# 8.2 Iterators and Generators#

Estimated time for this notebook: 25 minutes

In Python, anything which can be iterated over is called an iterable:

bowl = {"apple": 5, "banana": 3, "orange": 7}

for fruit in bowl:
print(fruit.upper())

APPLE
BANANA
ORANGE


Surprisingly often, we want to iterate over something that takes a moderately large amount of memory to store - for example, our map images in the green-graph example.

Our green-graph example involved making an array of all the maps between London and Birmingham. This kept them all in memory at the same time: first we downloaded all the maps, then we counted the green pixels in each of them.

This would NOT work if we used more points: eventually, we would run out of memory. We need to use a generator instead. This chapter will look at iterators and generators in more detail: how they work, when to use them, how to create our own.

## Iterators#

Consider the basic python range function:

range(10)

range(0, 10)

total = 0
for x in range(int(1e6)):
total += x

total

499999500000


In order to avoid allocating a million integers, range actually uses an iterator.

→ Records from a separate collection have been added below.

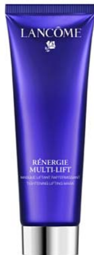
NÝTT - RÉNERGIE MULTI-LIFT TIGHTENING LIFTING MASK

Maskinn rakanærir og róar húðina. Inniheldur meðal annars hunang, rósavatn og hyaluronic sýru. Berið ríkulega á hreina þurra húð og látið vera á yfir nótt. Hentar þurri og viðkvæmri húð.
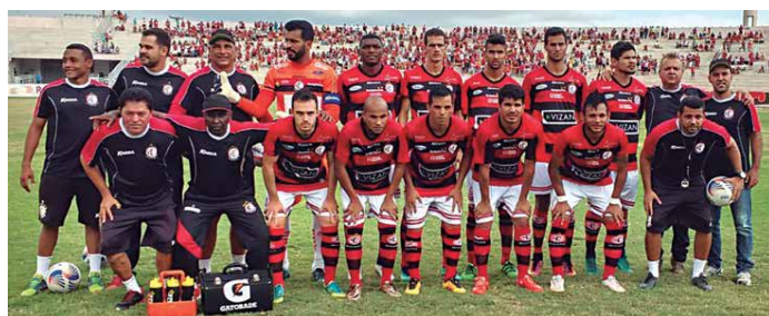
O Campinense Clube, vice líder do Estadual, se reapresenta ontem para dar início às atividades visando o jogo, como Náutico, na Arena Pernambuco

No Sertão, dois clubes vivem situações completamente diferentes. Enquanto o Sousa vem crescendo de produção, o Paraíba continua na lanterna da competição. Depois da vitória contra o Serrano, por 4 a 2, o Dinossauro pulou para a oitava posição, com 9 pontos, ultrapassando o CSP, que agora é o penúltimo, com apenas 8 pontos. Já o Paraíba perdeu em casa para o Botafogo, e permanece com apenas 6 pontos, na lanterna da competição. Na próxima rodada, os dois times se encontram, no Marizão, em Sousa. Será no dia 1 de março, às 20h30. Neste jogo, o Paraíba vai estreitar o técnico Neto Maradona, que substituiu Alexandre que pediu demissão, após a derrota para o Botafogo.
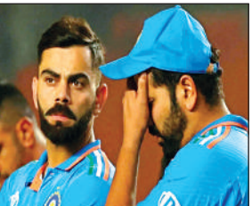
विराट कोहली व रोहित शर्मा।

कोहली और रोहित शर्मा तथा चोटों से जूझने वाले जसप्रीत बुमराह जैसे सीनियर खिलाड़ियों का योगा होगा। कोहली 36 और रोहित 38 साल के हैं और ये दोनों संभवतः ऑस्ट्रेलिया में तीन मैच की एकदिवसीय श्रृंखला पड़ने पर योगदान दिया, आकाश दीप और प्रसिद्ध कृष्णा प्रभावी नजर आए और साई सुदर्शन ने अपनी दीर्घकालिक उपयोगिता की झलक दिखाई। लेकिन इस शानदार प्रयास का एक और आयाम भी है। इससे सवाल उठता है कि टी20 और टेस्ट क्रिकेट से संन्यास लेने वाले विराट
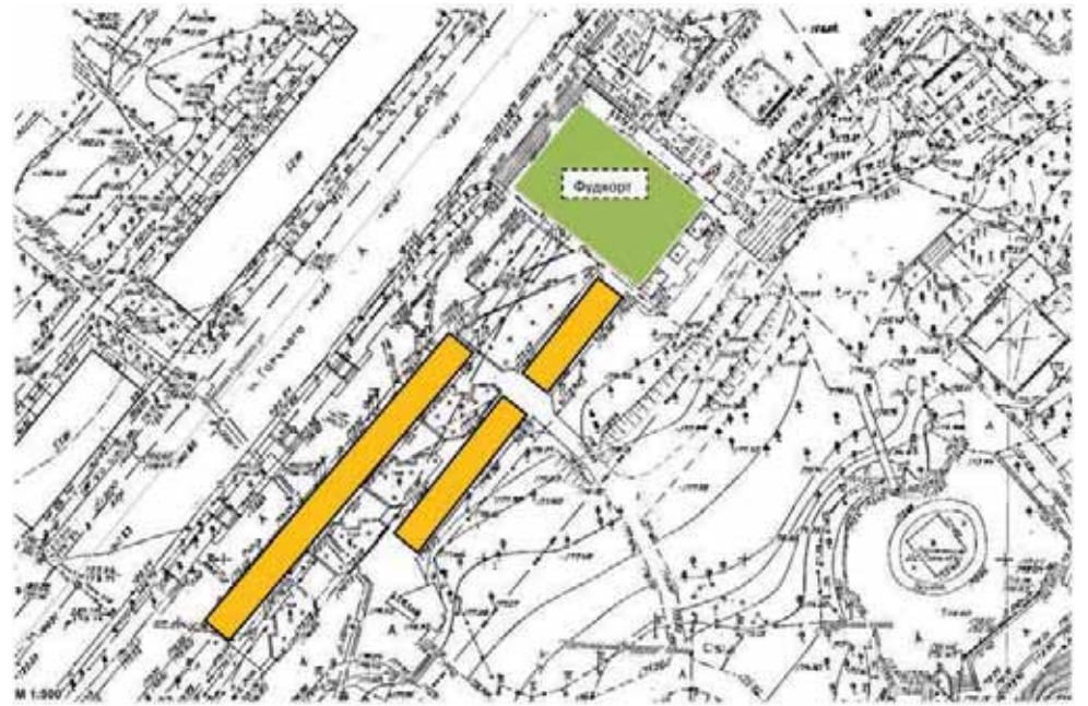
Схема ярмарочной площадки специализированной тематической ярмарки «День мёда» в 2024 году

Приложение № 2 к плану мероприятий по организации специализированной тематической ярмарки «День мёда» в 2024 году
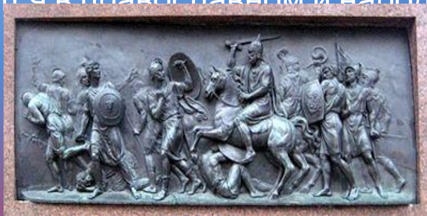
Горельеф с памятника Минину и Пожарскому
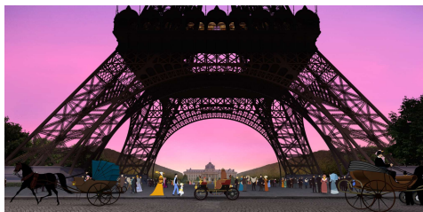
『ディリリとパリの時間旅行』

© 2018 NORD-OUEST FILMS - STUDIO O - ARTE FRANCE CINEMA - MARS FILMS - WILD BUNCH - MAC GUFF LIGNE - ARTEMIS PRODUCTIONS - SENATOR FILM PRODUKTION
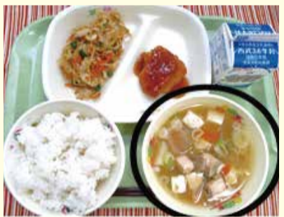
【ふるさと給食】 吟子汁…北海道でとれる鮭とじゃがいもが入ってます。

皆さん「脱脂粉乳」を知っていますか?今ではお菓子の中に入っている位で、直接飲むことは無いと思います。戦後間もない当時、栄養価の高い「脱脂粉乳」の配給が始まりました。 「おかず」はクジラの竜田揚げが人気でしたが、今の給食には登場しませんね。竜田揚げ以外にも、んなおかずがあったかをおじいさんやおばあさんに聞いてみよう。
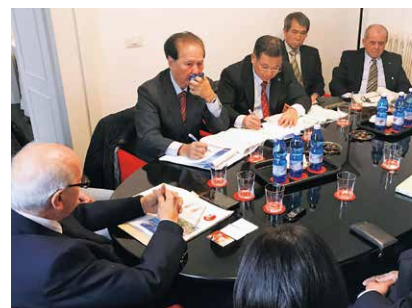
米軍との合意事項について（イタリア元首相と面談）

嘉手納飛行場においては、SACO合意の趣旨に明らかに反すると思われる運用が行われており、このような状況は県として到底容認できるものではありません。
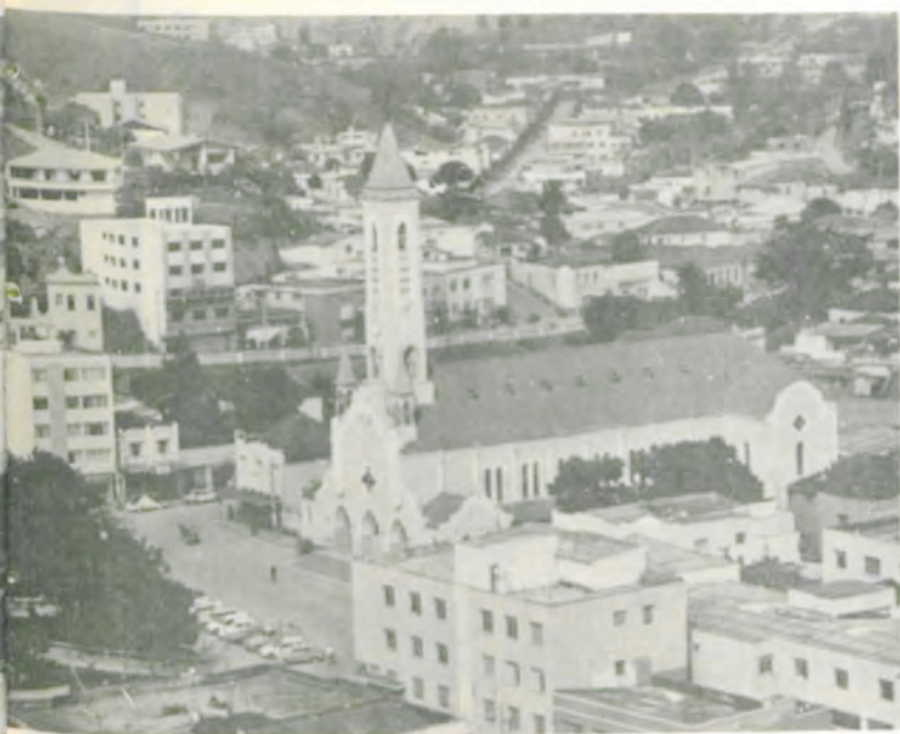
Vista parcial do centro da cidade.

mensura (40 vagas), Ciências, com opções para Matemática, Física, Química e Biologia (75 vagas), Engenharia Civil (40 vagas), Administração de Empresas (50 vagas), Ciências Econômicas (50 vagas), Letras, com opções para Português/Inglês e Português/Francês (40 vagas), Pedagogia (50 vagas), Economia Doméstica (50 vagas), Nutrição (30 vagas), Educação Física (50 vagas), Tecnólogo em Cooperativismo (30 vagas) e Tecnólogo em Latifúndios (30 vagas).
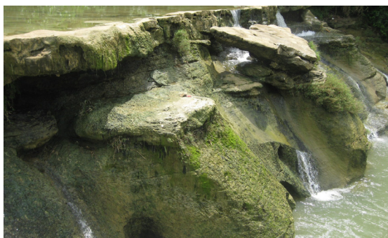
Foto 9. Singkapan kontak satuan batu gamping dengan satuan batuan batu lanau di Kali Jaten

Terletak di DAS Kali Jaten, Desa Kedungwaru, Kecamatan Todanan. Singkapan yang tampak berupa kontak antara satuan batuan batugamping dengan satuan batuan lanau (Foto 9). Selain itu, endapan aluvial material sungai seperti fragmen batugamping berukuran berangkal hingga bongkah yang menumpang secara tidak selaras di atas satuan batuan batugamping. Ketinggian terletak 98 m dari permukaan air laut.
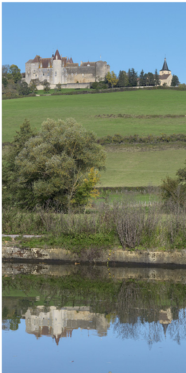
Vue du château de Châteauneuf, prise du canal.
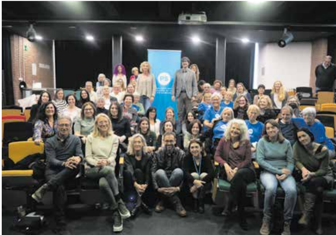
Els diferents prescriptors, usuaris i participants del projecte de prescripció social després de celebrar-se la jornada.

La trobada va servir per posar en valor un projecte que compta amb un catàleg amb una trentena de propostes lúdiques, socials i culturals que els professionals sociosanitaris recepten per promoure hàbits saludables, prevenir malalties i millorar les condicions de vida de la ciutadania. Entre setembre del 2021 i agost
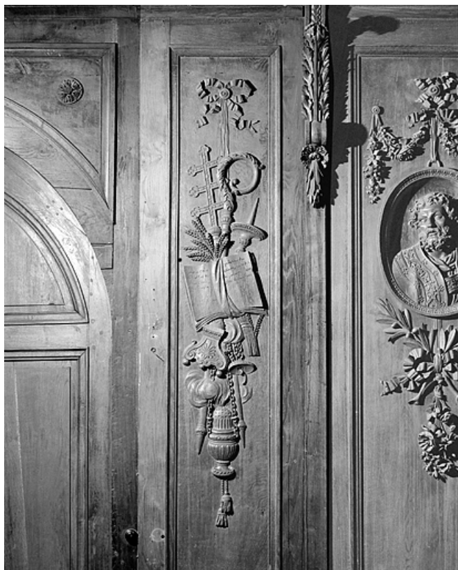
Côté sud : parclose à droite de la porte.
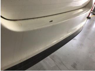
Tampon, arka, Arka tampon > Boyası Atmış
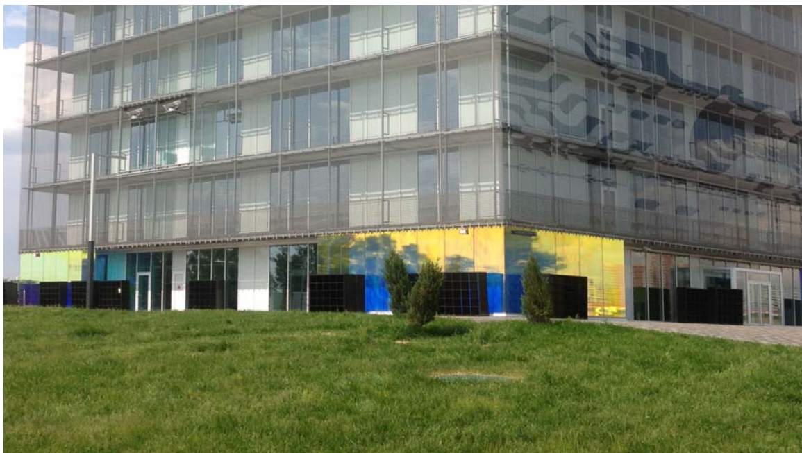
Бизнес-центр "Гиперкуб" Сколково( внутренний вид, установленное оборудование Siemens)
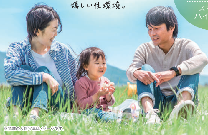
※掲載の人物写真はイメージです。
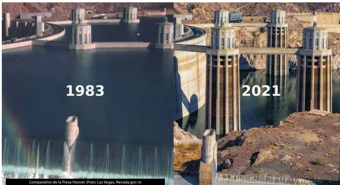
Comparativo de la Presa Hoover

La Casa Blanca presentó recientemente un plan para la gestión de los recursos hídricos a nivel mundial, que busca el supuesto "acceso equitativo al agua", este plan traza que EUA debe ser el líder de esta iniciativa.
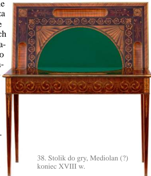
38. Stolik do gry, Mediolan (?) koniec XVIII w.
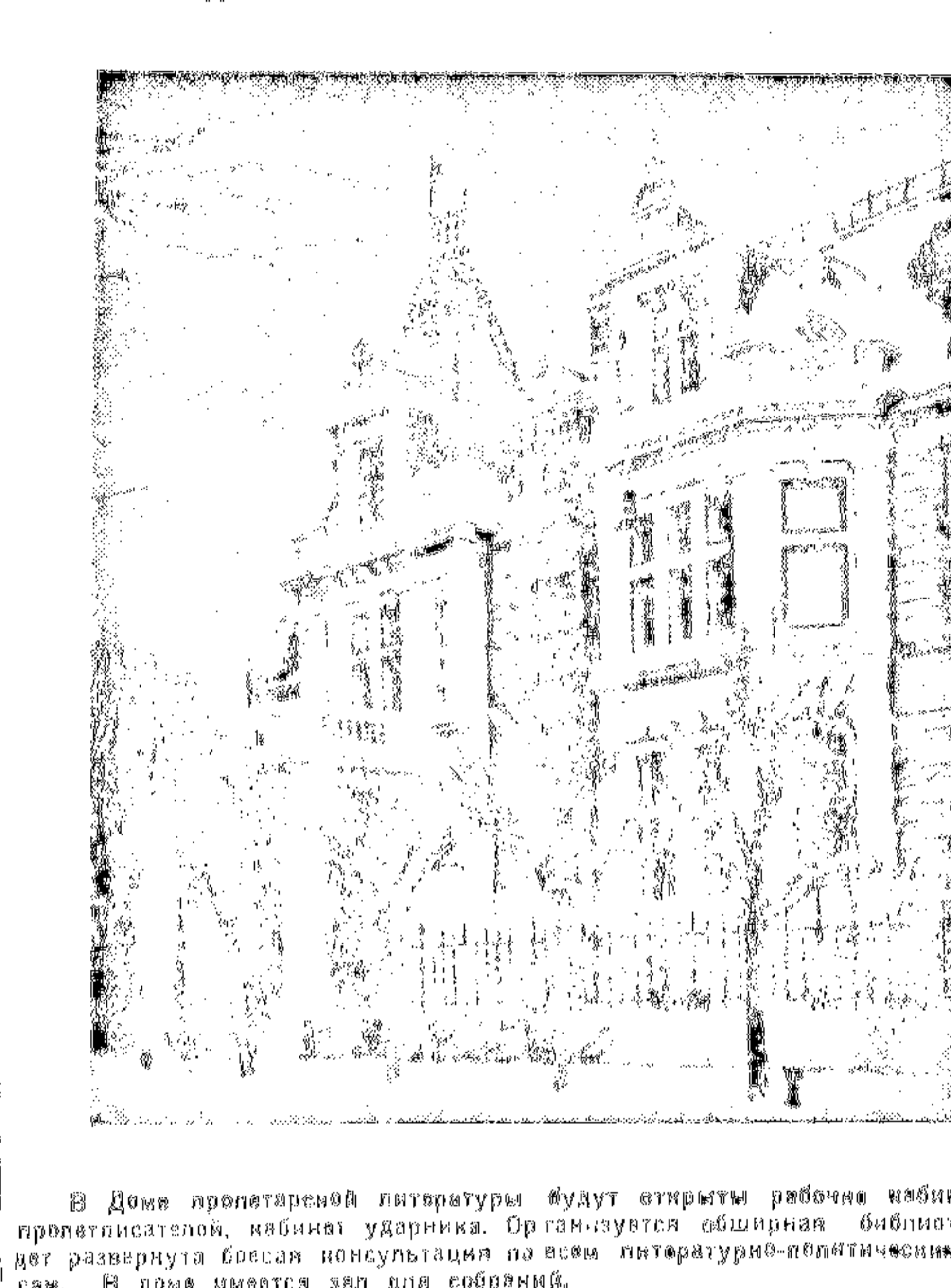
В Доме пролетарской литературы будут открыты рабочие кабинеты для протестантов...

We don’t actually need a million integers at once, just each integer in turn up to a million.

Because we can get an iterator from it, we say that a range is an iterable.

So we can for-loop over it:

for i in range(3):
print(i)

0
1
2


There are two important Python built-in functions for working with iterables. First is iter, which lets us create an iterator from any iterable object.

a = iter(range(3))


Once we have an iterator object, we can pass it to the next function. This moves the iterator forward, and gives us its next element:

next(a)

0

next(a)

1

next(a)

2


When we are out of elements, a StopIteration exception is raised:

next(a)

---------------------------------------------------------------------------
StopIteration                             Traceback (most recent call last)
Cell In[9], line 1
----> 1 next(a)

StopIteration:


This tells Python that the iteration is over. For example, if we are in a for i in range(3) loop, this lets us know when we should exit the loop.

We can turn an iterable or iterator into a list with the list constructor function:

list(range(5))

[0, 1, 2, 3, 4]


## Defining Our Own Iterable#

When we write next(a), under the hood Python tries to call the __next__() method of a. Similarly, iter(a) calls a.__iter__().

We can make our own iterators by defining classes that can be used with the next() and iter() functions: this is the iterator protocol.

For each of the concepts in Python, like sequence, container, iterable, the language defines a protocol, a set of methods a class must implement, in order to be treated as a member of that concept.

To define an iterator, the methods that must be supported are __next__() and __iter__().

__next__() must update the iterator.

We’ll see why we need to define __iter__ in a moment.

Here is an example of defining a custom iterator class:

class fib_iterator:
"""An iterator over part of the Fibonacci sequence."""

def __init__(self, limit, seed1=1, seed2=1):
self.limit = limit
self.previous = seed1
self.current = seed2

def __iter__(self):
return self

def __next__(self):
(self.previous, self.current) = (self.current, self.previous + self.current)
self.limit -= 1
if self.limit < 0:
raise StopIteration()
return self.current

x = fib_iterator(5)

next(x)

2

next(x)

3

next(x)

5

next(x)

8

for x in fib_iterator(5):
print(x)

2
3
5
8
13

sum(fib_iterator(1000))

297924218508143360336882819981631900915673130543819759032778173440536722190488904520034508163846345539055096533885943242814978469042830417586260359446115245634668393210192357419233828310479227982326069668668250


## A shortcut to iterables: the __iter__ method#

In fact, we don’t always have to define both __iter__ and __next__!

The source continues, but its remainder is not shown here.